Recorded data:
────────────────────
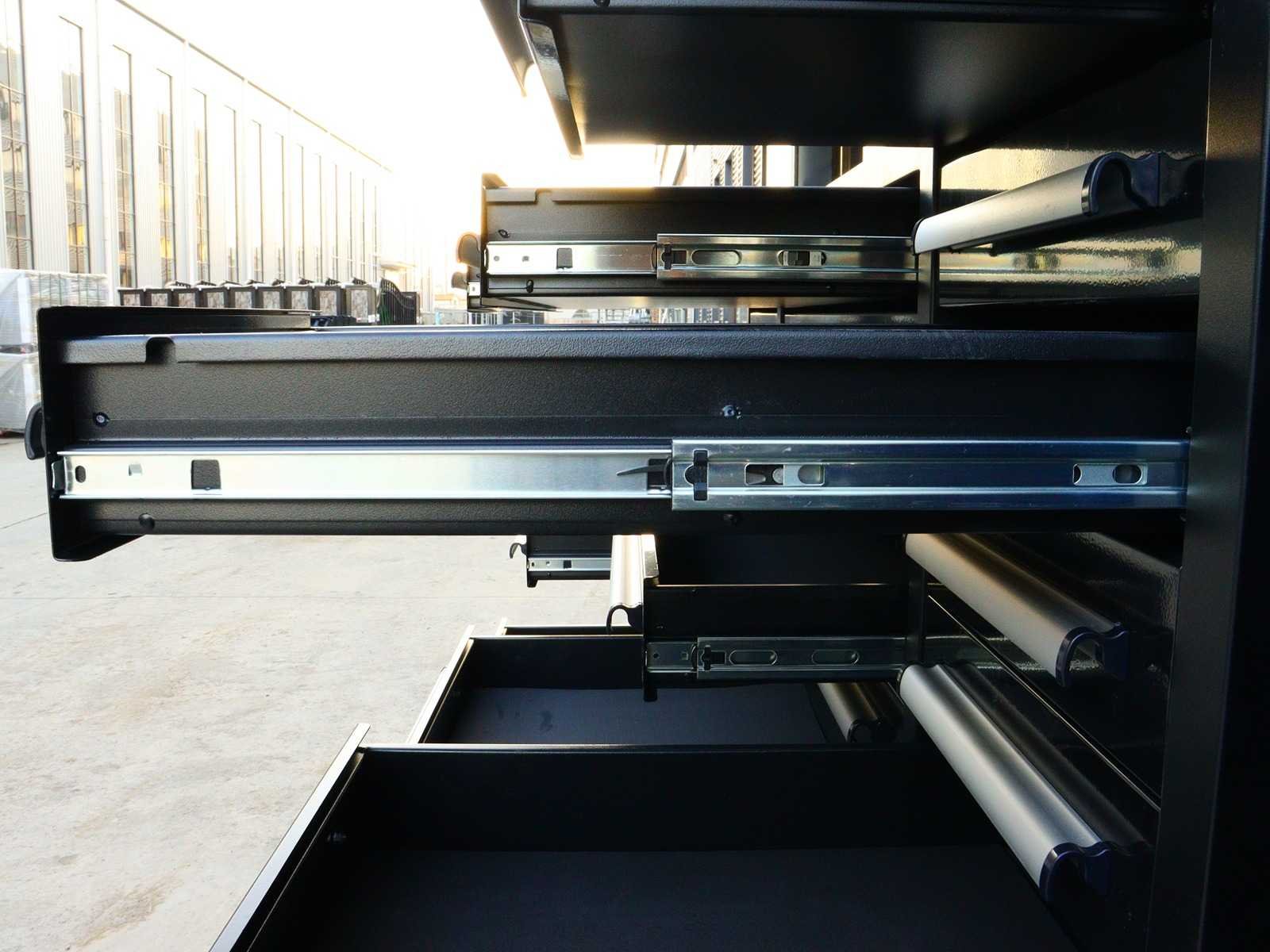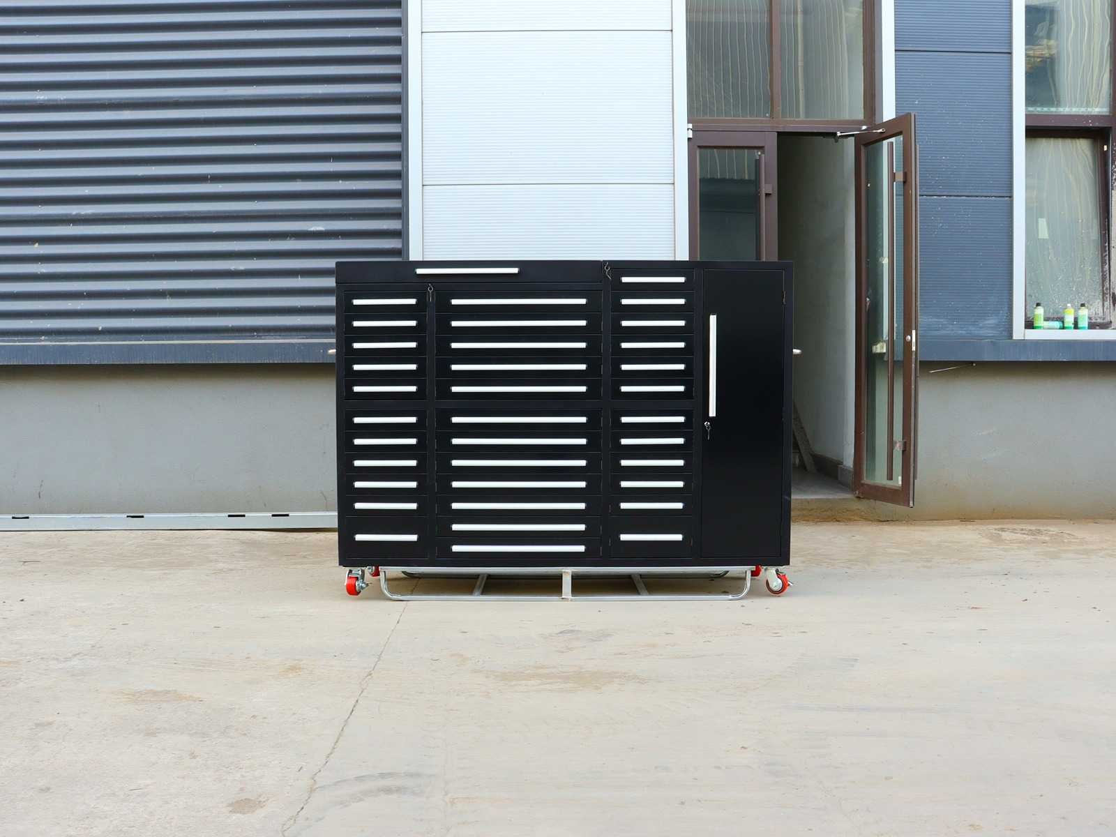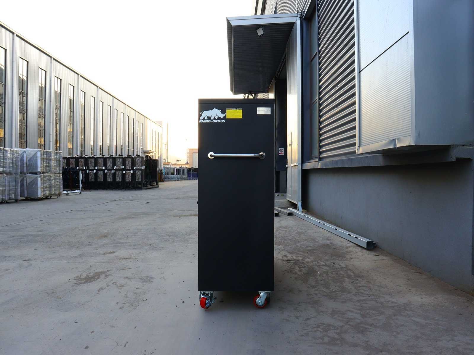 Voorzien van Gepoedercoat staal; 35 lades; 1 Deur; 1 bovenkast; Ongebruikt (Transport afmetingen 2875x725x1140mm) Merk: Rhino-Cross-Workbench Product type: H7ft-35D-1-L-01C Zwart
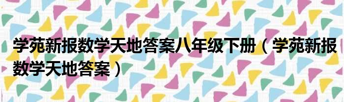 学苑新报数学天地答案八年级下册(学苑新报数学天地答案)
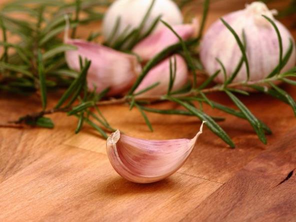Beli luk isećete na sitne komadiće, dodate u vino i ubacite ruzmarin.
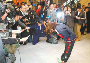 福原愛(ài)從機(jī)場(chǎng)走出之后,已經(jīng)沒(méi)有往日滿(mǎn)臉清純的笑靨,緊繃著臉在兩名空姐的保護(hù)下試圖殺出記者的重圍,面對(duì)記者:“你與錦織圭處朋友可順利?”、“彼此是否一直保持熱線聯(lián)系?”、“圣誕節(jié)是否會(huì)一起度過(guò)?”等諸如此類(lèi)的提問(wèn),福原愛(ài)都采取了拒不回答的態(tài)度,最終在記者們的強(qiáng)烈要求之下,福原愛(ài)才眼里噙著熱淚表示:“非常抱歉這件事給大家?guī)?lái)這么大的麻煩,我希望今后繼續(xù)努力把球打好,不辜負(fù)大家的一片期望!彪S后她也低頭向眾人道歉。
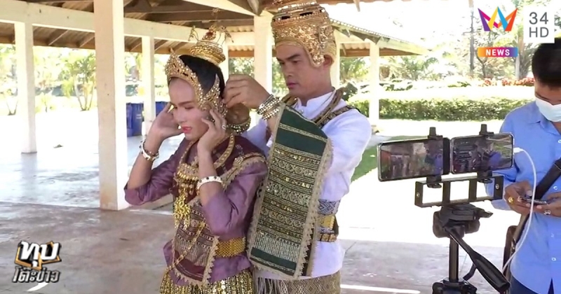 โดยลุงพล แต่งกายแบบขอมโบราณ ใส่เสื้อขาวด้านใน ส่วนศีรษะสวมมงกุฎสูง ทางด้านป้าแต๋นแต่งกายเป็นนางปทุมวดี ใส่เสื้อผ้าไทย สวมมงกุฎชฏา ตามแบบของเจ้าเมืองสกลนครโบราณ เดินถวายเครื่องสักการะพระธาตุเชิงชุม
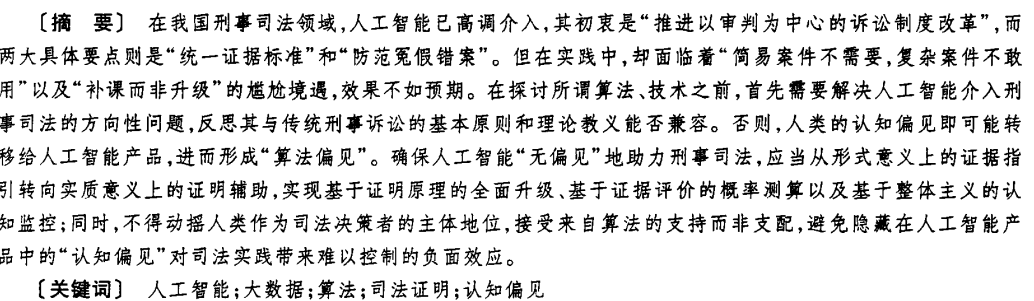 在我国刑事司法领域,人工智能已高调介入,其初衷是“推进以审判为中心的诉讼制度改革”,而 两大具体要点则是“统一证据标准”和“防范冤假错案”。但在实践中,却面临着“简易案件不需要,复杂案件不敢 用”以及“补课而非升级”的尴尬境遇,效果不如预期。在探讨所谓算法、技术之前,首先需要解决人工智能介入刑 事司法的方向性问题,反思其与传统刑事诉讼的基本原则和理论教义能否兼容。否则,人类的认知偏见即可能转 移给人工智能产品,进而形成“算法偏见”。确保人工智能“无偏见”地助力刑事司法,应当从形式意义上的证据指 引转向实质意义上的证明辅助,实现基于证明原理的全面升级、基于证据评价的概率测算以及基于整体主义的认 知监控;同时,不得动摇人类作为司法决策者的主体地位,接受来自算法的支持而非支配,避免隐藏在人工智能产 品中的“认知偏见”对司法实践带来难以控制的负面效应。
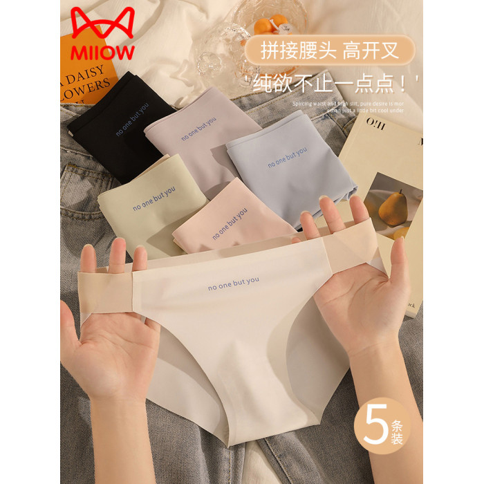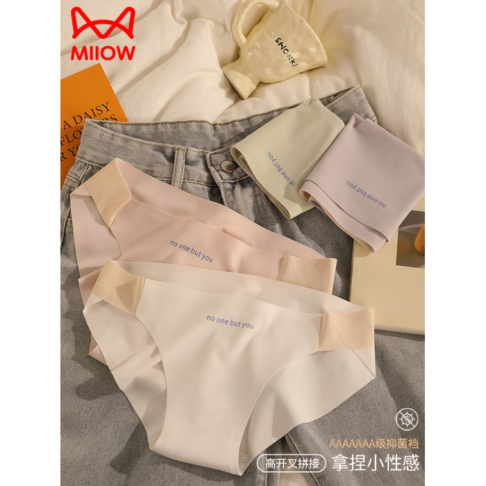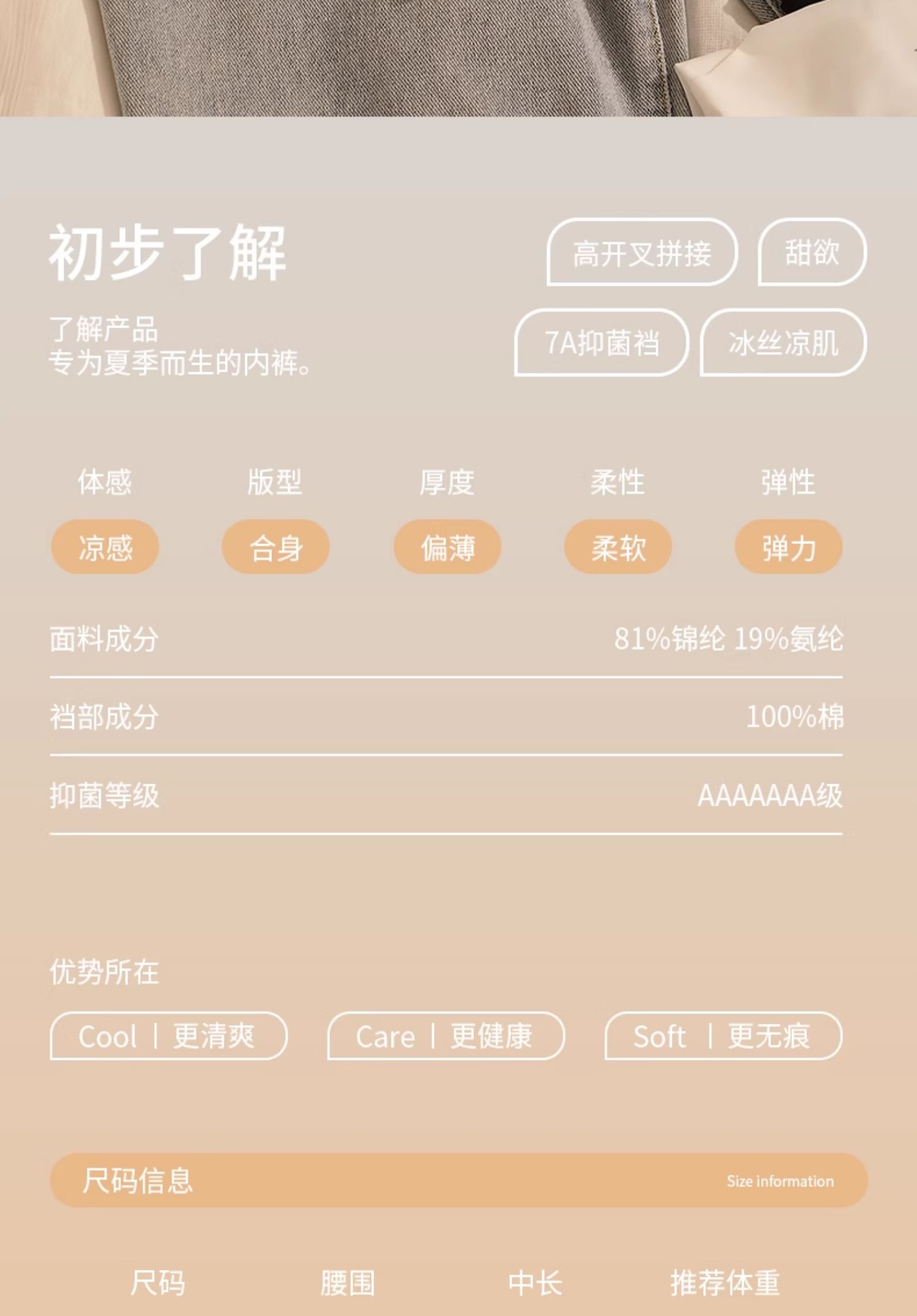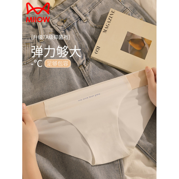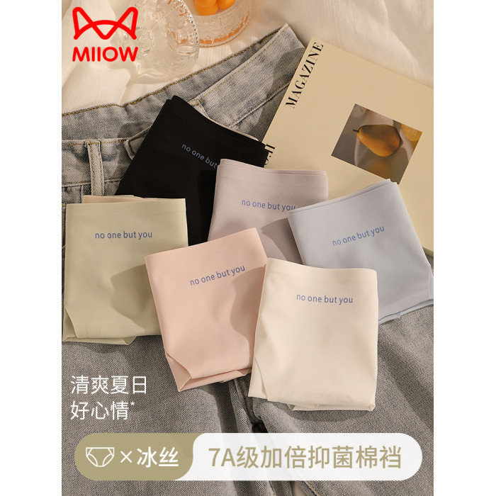 貓人無痕冰絲內褲女性感不夾臀夏季新款純棉抗菌襠高開叉性感短褲
────────────────────
• [AIM OF THE TASK]
Give again, exactly, the lines from the start of the data through the one holding "Beli luk isećete"; omit the pictures.

• [FINAL ANSWER]
 Voorzien van Gepoedercoat staal; 35 lades; 1 Deur; 1 bovenkast; Ongebruikt (Transport afmetingen 2875x725x1140mm) Merk: Rhino-Cross-Workbench Product type: H7ft-35D-1-L-01C Zwart
 学苑新报数学天地答案八年级下册(学苑新报数学天地答案)
Beli luk isećete na sitne komadiće, dodate u vino i ubacite ruzmarin.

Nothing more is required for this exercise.